§ Task to complete: Retype exactly the stretch of lines that begins at the line containing "De schepping van" and ends at the last line of the data, with no other lines.

┌──

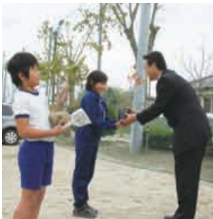
苗木プレゼントの様子

当社は、「緑・自然を守り、親から子へと美しい緑の街を伝えたい」という願いを込めて、昭和49年に「苗木プレゼント」を開始しました。これは、当社が常に訴え続けてきたキャンペーンテーマ「こわさないでください。自然。愛。いのち。」を言葉で終わらせることなく、CSR活動の一環として形で表現したものです。全国の企業、公共団体、学校、病院などの団体及び一般家庭に対して、気候や生育条件にあった苗木を配布し続け、平成26年度で41回目を迎えました。これまでに贈呈した苗木の本数は累計で493万本になりました。苗木は全国各地ですくすくと育ち、心地よい木陰をつくりながら周辺環境の保護やCO 2 削減等に役立っています。
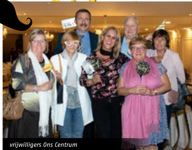
vrijwilligers Ons Centrum
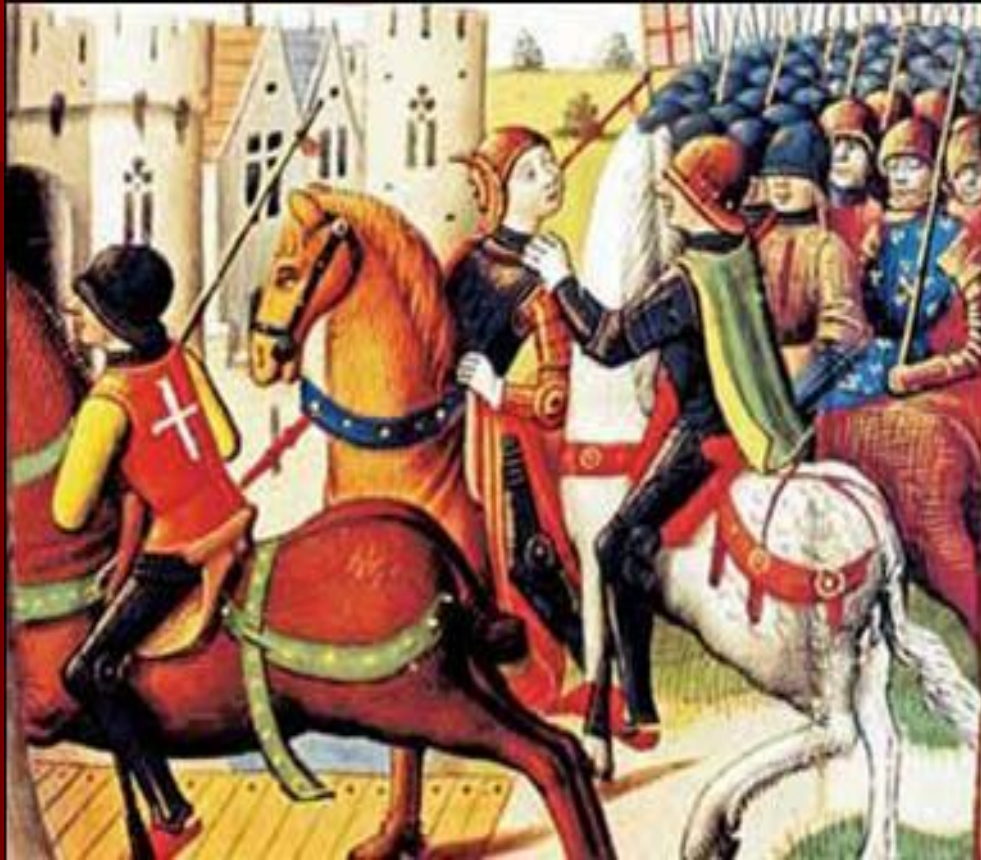
Пленение Жанны д'Арк

Необычный успех и слава крестьянской девушки вызвали зависть у знатных господ. Они хотели оттеснить Жанну от руководства военными действиями, избавиться от нее.
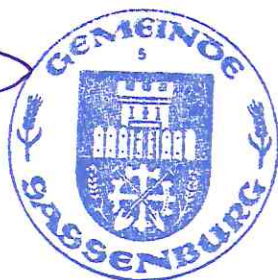
Volker Arms Bürgermeister
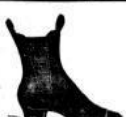
Damen-Leder-Stiefeln, Gansarbeit, 4.50 A

und Stiefel für Herren, Damen und Kinder.
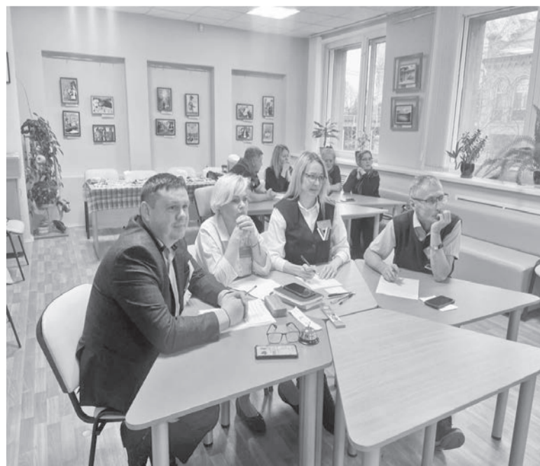
Участники интеллектуальной игры «Выборы. Я знаю!»

Завершается прием заявок на участие в всероссийском конкурсе «Атмосфера»
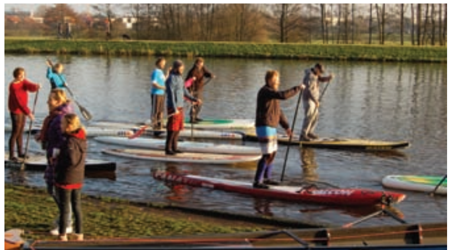
(Text+Foto: POST SV)

Pünktlich zum Jahresbeginn ist auch die Wassersportabteilung des Post SV in die neue Saison gestartet. Bei schönstem Sonnenschein wagten sich die ersten fünfzehn Paddler auf die Stand-Up-Boards. Mit dabei auf der Hunte am Achterdiek waren auch zwei Ruderboote. Verfolgt von interessierten Blicken der Neujahrsspaziergänge zogen sie vergnügt ihre Bahnen. Im Sommer dann werden am Achterdiek die niedersächsischen Meisterschaften im Stand-Up-Paddling (SUP) ausgetragen. Hier verteidigen die amtierenden Meister der Herren und der Jugend aus Oldenburg jeweils ihre Titel. Der Breitensport im Rudern und SUP beginnt wieder im Frühling mit neuen Angeboten. Neugierige/ Interessenten melden sich beim POST SV, Sportpark Alexandersfeld/ Alexanderstraße 488, Telefon: 9 62 03 96.
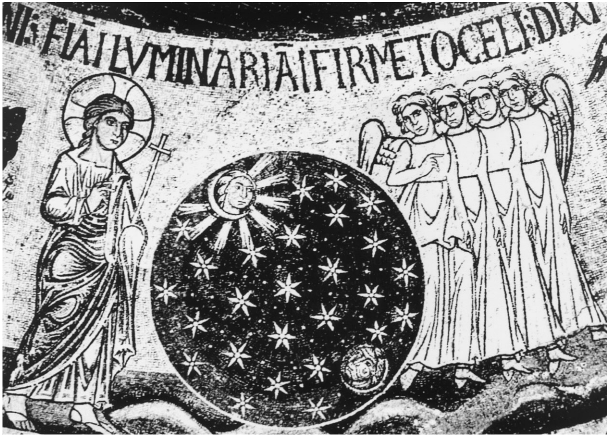
De schepping van zon, maan en sterren, mozaïek uit de dertiende eeuw in de San Marco in Venetië

eigenschappen. Dit Woord behoort tot dezelfde natuur als God en deelt met God hetzelfde kader van tijd en plaats.

└──

§ Response for this exercise:
De schepping van zon, maan en sterren, mozaïek uit de dertiende eeuw in de San Marco in Venetië

eigenschappen. Dit Woord behoort tot dezelfde natuur als God en deelt met God hetzelfde kader van tijd en plaats.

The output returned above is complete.